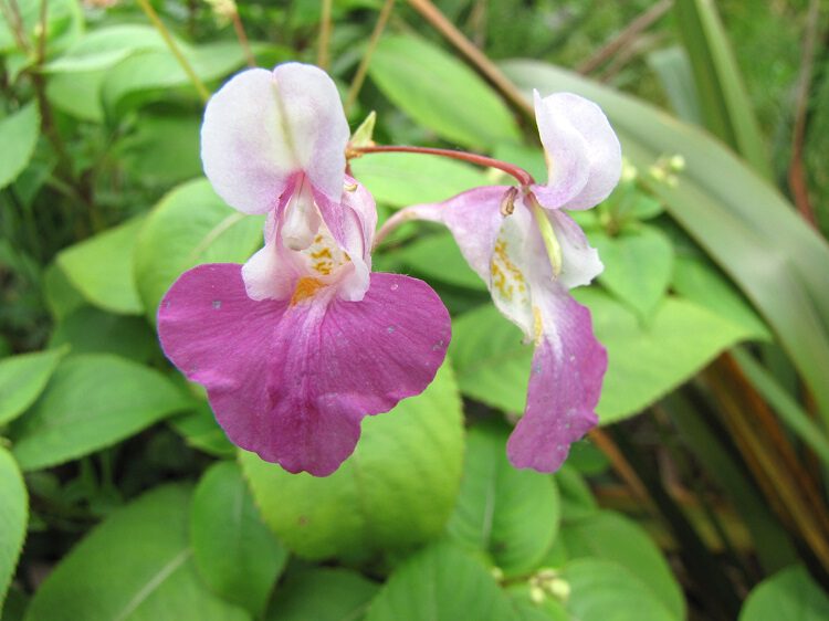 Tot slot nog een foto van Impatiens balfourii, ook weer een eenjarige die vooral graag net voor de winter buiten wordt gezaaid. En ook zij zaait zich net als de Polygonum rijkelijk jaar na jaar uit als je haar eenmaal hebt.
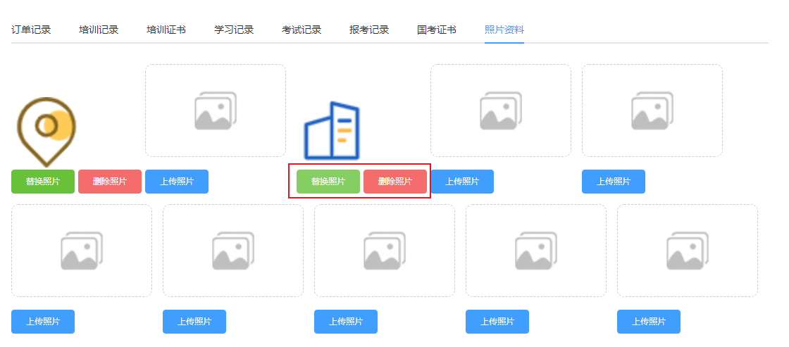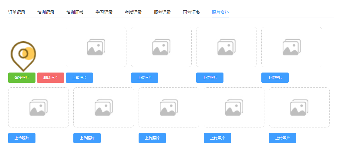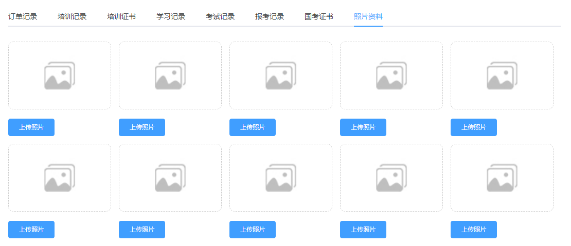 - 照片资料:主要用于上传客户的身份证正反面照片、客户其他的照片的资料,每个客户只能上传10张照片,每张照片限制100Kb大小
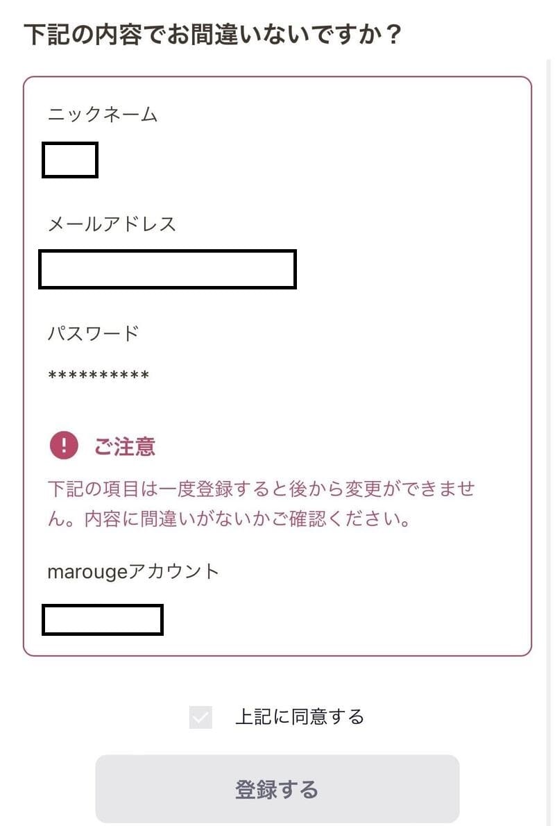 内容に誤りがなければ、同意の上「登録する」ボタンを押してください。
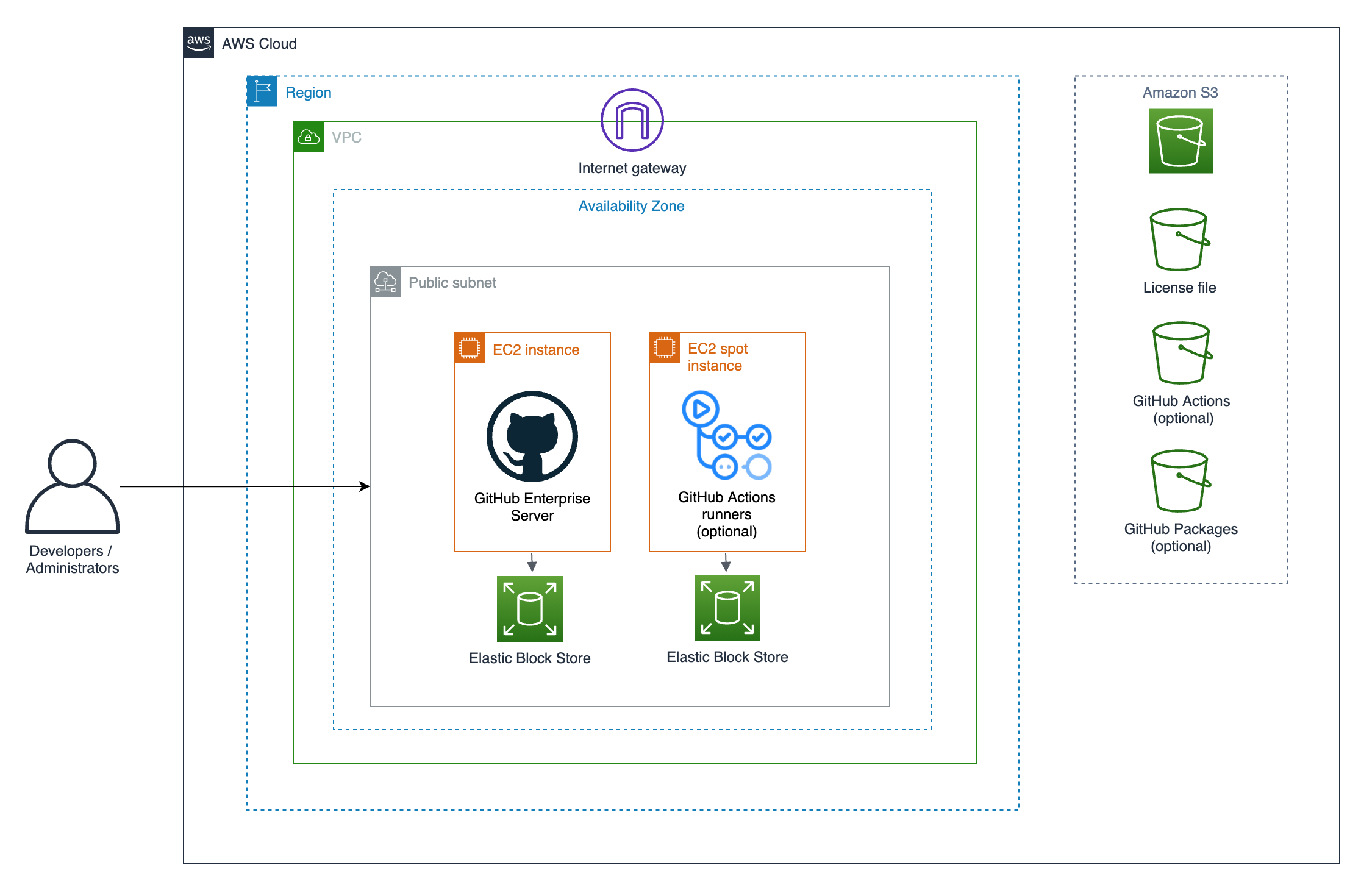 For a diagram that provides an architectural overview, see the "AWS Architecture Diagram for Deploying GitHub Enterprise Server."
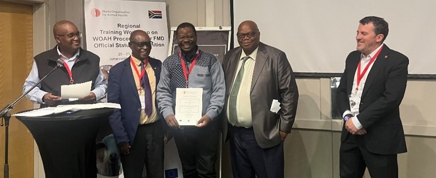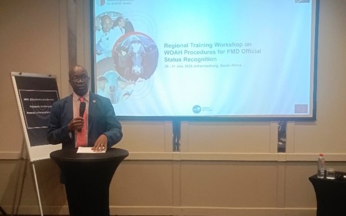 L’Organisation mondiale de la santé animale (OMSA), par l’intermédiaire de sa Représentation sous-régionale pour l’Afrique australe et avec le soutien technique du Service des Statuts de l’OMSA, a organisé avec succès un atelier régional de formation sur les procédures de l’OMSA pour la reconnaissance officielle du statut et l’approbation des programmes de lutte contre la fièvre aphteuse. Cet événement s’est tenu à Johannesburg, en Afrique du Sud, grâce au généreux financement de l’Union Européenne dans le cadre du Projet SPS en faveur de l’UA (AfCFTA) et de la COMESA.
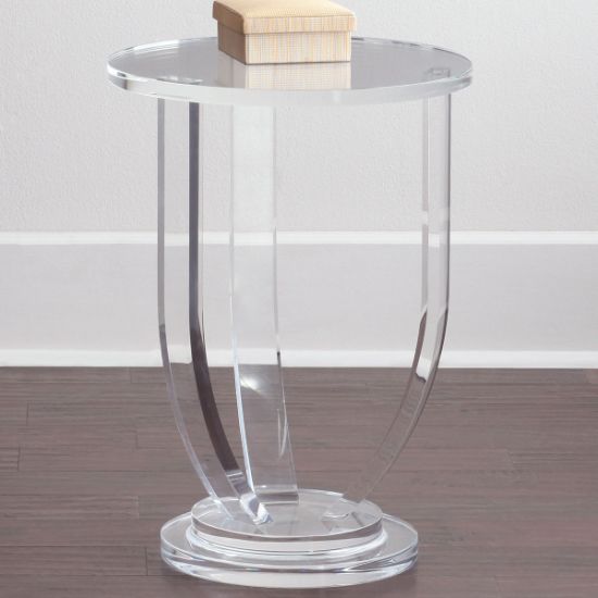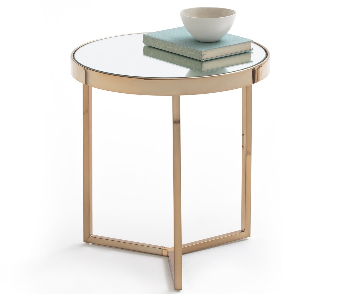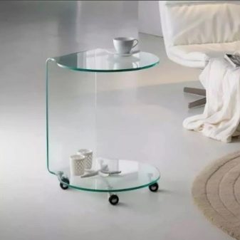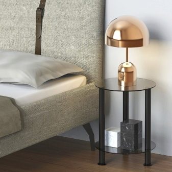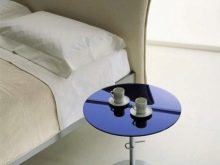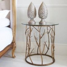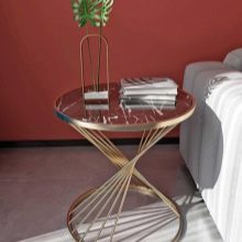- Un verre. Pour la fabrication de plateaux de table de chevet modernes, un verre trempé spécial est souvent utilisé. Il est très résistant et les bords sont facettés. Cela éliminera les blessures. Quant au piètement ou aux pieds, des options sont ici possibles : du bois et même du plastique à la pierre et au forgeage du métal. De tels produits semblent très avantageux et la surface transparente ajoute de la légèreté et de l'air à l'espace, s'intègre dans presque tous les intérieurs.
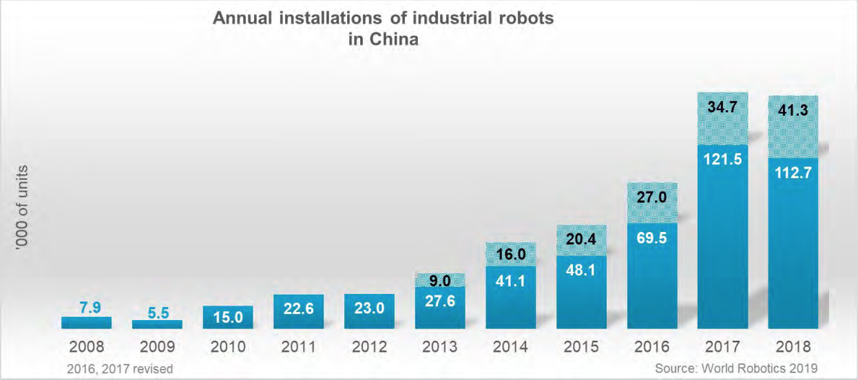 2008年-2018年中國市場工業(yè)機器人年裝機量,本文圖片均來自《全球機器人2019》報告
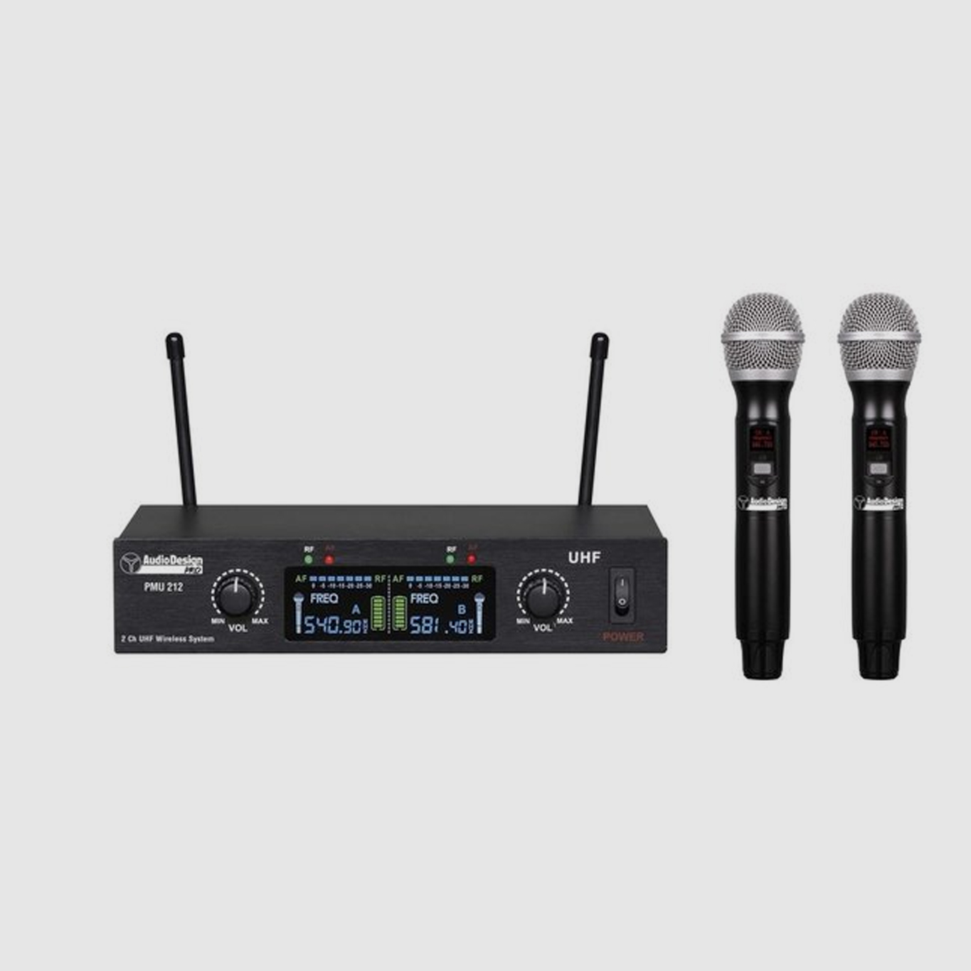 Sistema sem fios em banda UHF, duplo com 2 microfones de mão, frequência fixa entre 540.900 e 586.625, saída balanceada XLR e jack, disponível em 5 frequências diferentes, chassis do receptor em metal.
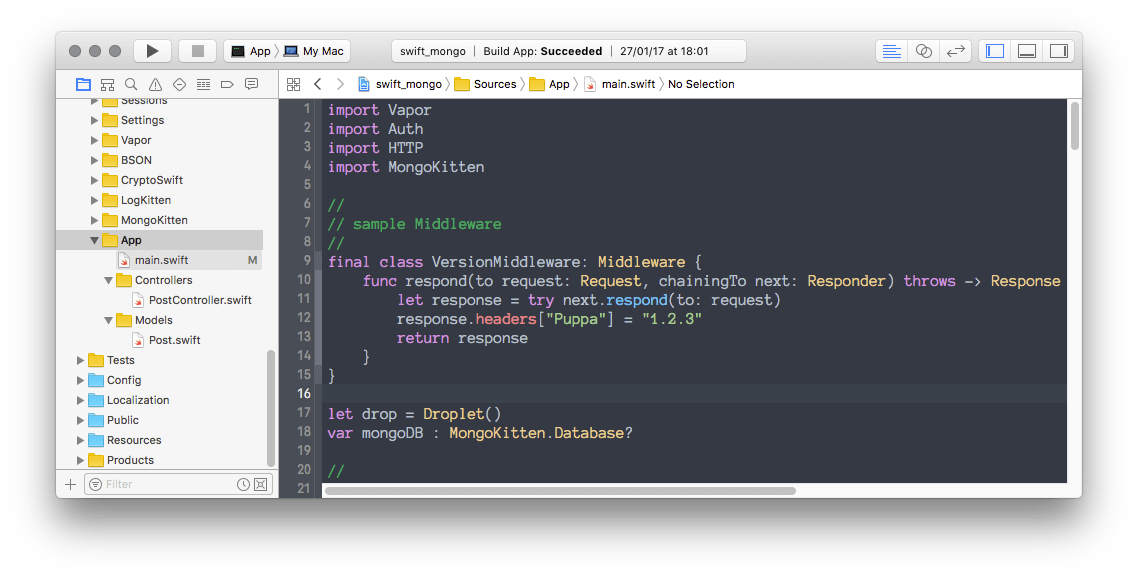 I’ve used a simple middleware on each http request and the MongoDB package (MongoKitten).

◇ ◇ ◇

--- Exercise brief ---
Above are the records; repeat them exactly, omitting every picture.

--- Result for this exercise ---
 Tot slot nog een foto van Impatiens balfourii, ook weer een eenjarige die vooral graag net voor de winter buiten wordt gezaaid. En ook zij zaait zich net als de Polygonum rijkelijk jaar na jaar uit als je haar eenmaal hebt.
 - 照片资料:主要用于上传客户的身份证正反面照片、客户其他的照片的资料,每个客户只能上传10张照片,每张照片限制100Kb大小
 内容に誤りがなければ、同意の上「登録する」ボタンを押してください。
 For a diagram that provides an architectural overview, see the "AWS Architecture Diagram for Deploying GitHub Enterprise Server."
 L’Organisation mondiale de la santé animale (OMSA), par l’intermédiaire de sa Représentation sous-régionale pour l’Afrique australe et avec le soutien technique du Service des Statuts de l’OMSA, a organisé avec succès un atelier régional de formation sur les procédures de l’OMSA pour la reconnaissance officielle du statut et l’approbation des programmes de lutte contre la fièvre aphteuse. Cet événement s’est tenu à Johannesburg, en Afrique du Sud, grâce au généreux financement de l’Union Européenne dans le cadre du Projet SPS en faveur de l’UA (AfCFTA) et de la COMESA.
- Un verre. Pour la fabrication de plateaux de table de chevet modernes, un verre trempé spécial est souvent utilisé. Il est très résistant et les bords sont facettés. Cela éliminera les blessures. Quant au piètement ou aux pieds, des options sont ici possibles : du bois et même du plastique à la pierre et au forgeage du métal. De tels produits semblent très avantageux et la surface transparente ajoute de la légèreté et de l'air à l'espace, s'intègre dans presque tous les intérieurs.
 2008年-2018年中國市場工業(yè)機器人年裝機量,本文圖片均來自《全球機器人2019》報告
 Sistema sem fios em banda UHF, duplo com 2 microfones de mão, frequência fixa entre 540.900 e 586.625, saída balanceada XLR e jack, disponível em 5 frequências diferentes, chassis do receptor em metal.
 I’ve used a simple middleware on each http request and the MongoDB package (MongoKitten).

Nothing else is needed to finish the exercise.